__Brief__
In the entries below, find the line with "昆布締めにした鯛と実山椒の炊き込みご飯" and the line with "ストレッチ性に優れるしなやか"; copy them and every line between them exactly, but not the pictures.

__Given data__

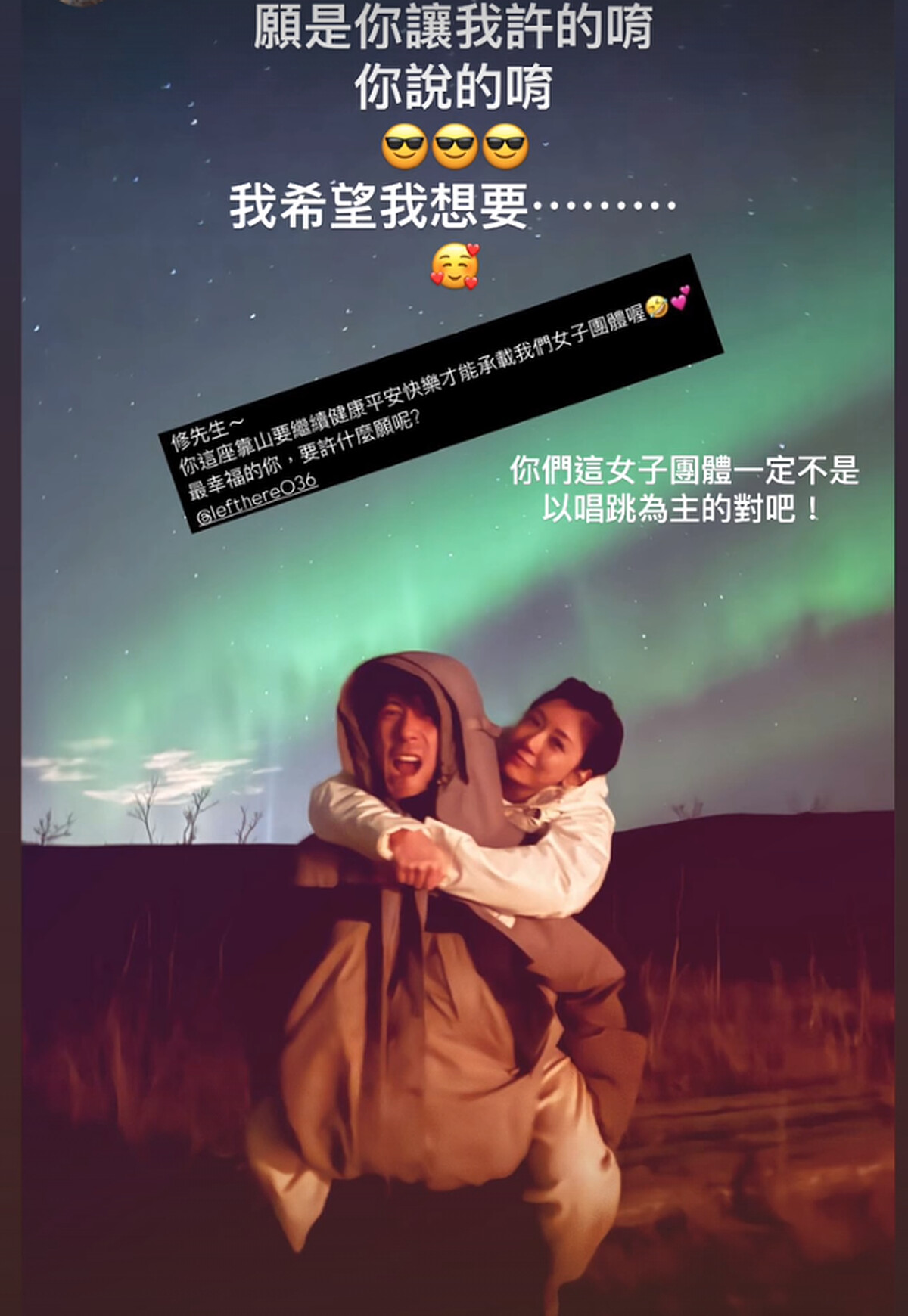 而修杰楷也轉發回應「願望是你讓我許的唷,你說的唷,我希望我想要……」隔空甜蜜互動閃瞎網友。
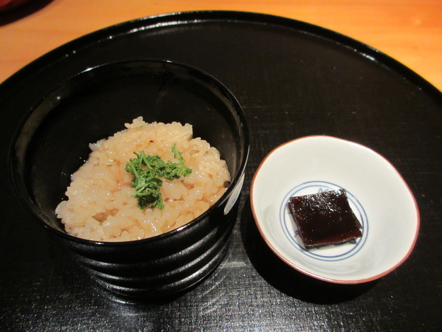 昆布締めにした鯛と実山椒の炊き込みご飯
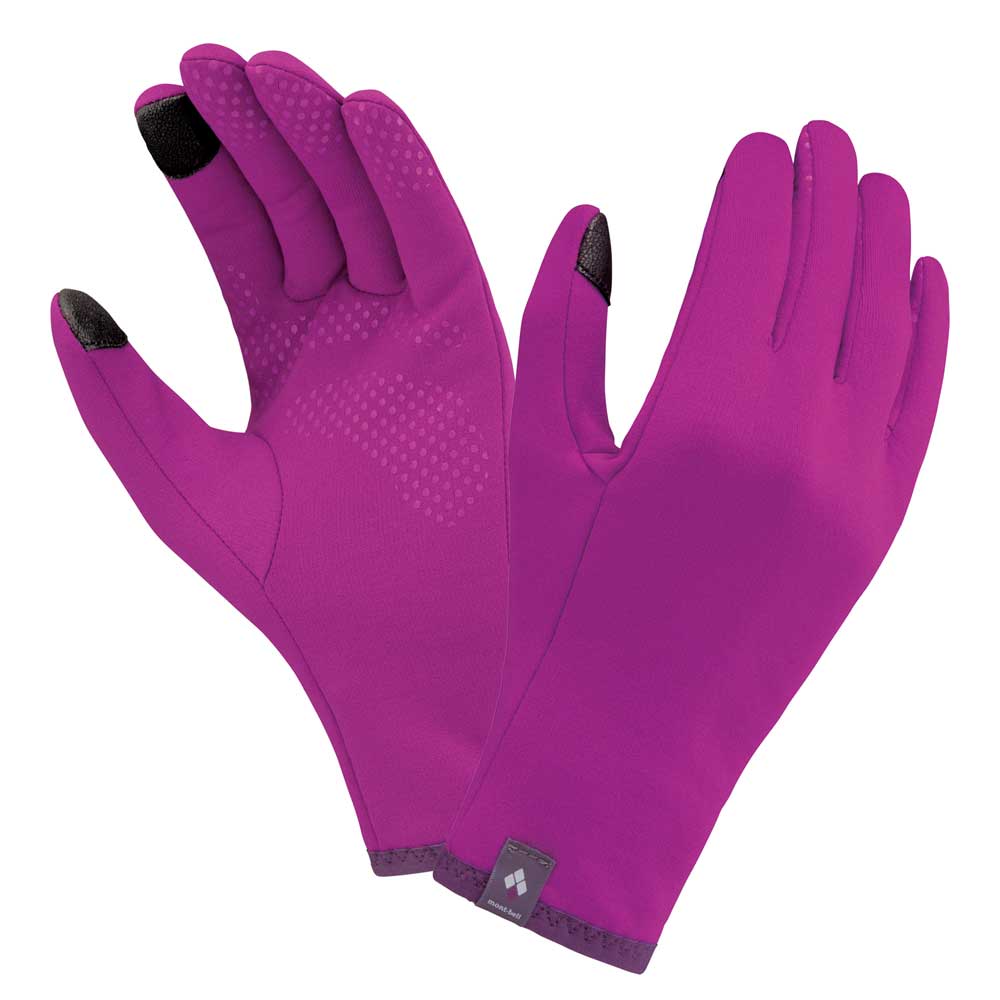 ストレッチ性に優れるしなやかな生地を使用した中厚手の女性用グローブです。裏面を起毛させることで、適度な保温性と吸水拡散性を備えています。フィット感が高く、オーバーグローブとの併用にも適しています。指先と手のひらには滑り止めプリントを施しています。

---

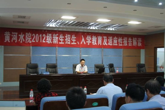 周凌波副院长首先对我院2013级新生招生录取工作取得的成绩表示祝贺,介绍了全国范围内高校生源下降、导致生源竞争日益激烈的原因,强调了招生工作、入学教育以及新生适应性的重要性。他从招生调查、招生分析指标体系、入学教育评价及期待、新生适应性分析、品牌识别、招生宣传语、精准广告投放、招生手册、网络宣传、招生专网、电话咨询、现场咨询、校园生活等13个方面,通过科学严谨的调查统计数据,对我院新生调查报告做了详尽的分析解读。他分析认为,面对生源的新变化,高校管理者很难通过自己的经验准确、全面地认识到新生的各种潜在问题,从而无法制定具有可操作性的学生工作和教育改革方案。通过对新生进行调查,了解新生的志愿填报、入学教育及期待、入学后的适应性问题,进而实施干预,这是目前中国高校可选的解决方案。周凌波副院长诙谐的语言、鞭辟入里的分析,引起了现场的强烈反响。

__Exercise result__
 昆布締めにした鯛と実山椒の炊き込みご飯
 ストレッチ性に優れるしなやかな生地を使用した中厚手の女性用グローブです。裏面を起毛させることで、適度な保温性と吸水拡散性を備えています。フィット感が高く、オーバーグローブとの併用にも適しています。指先と手のひらには滑り止めプリントを施しています。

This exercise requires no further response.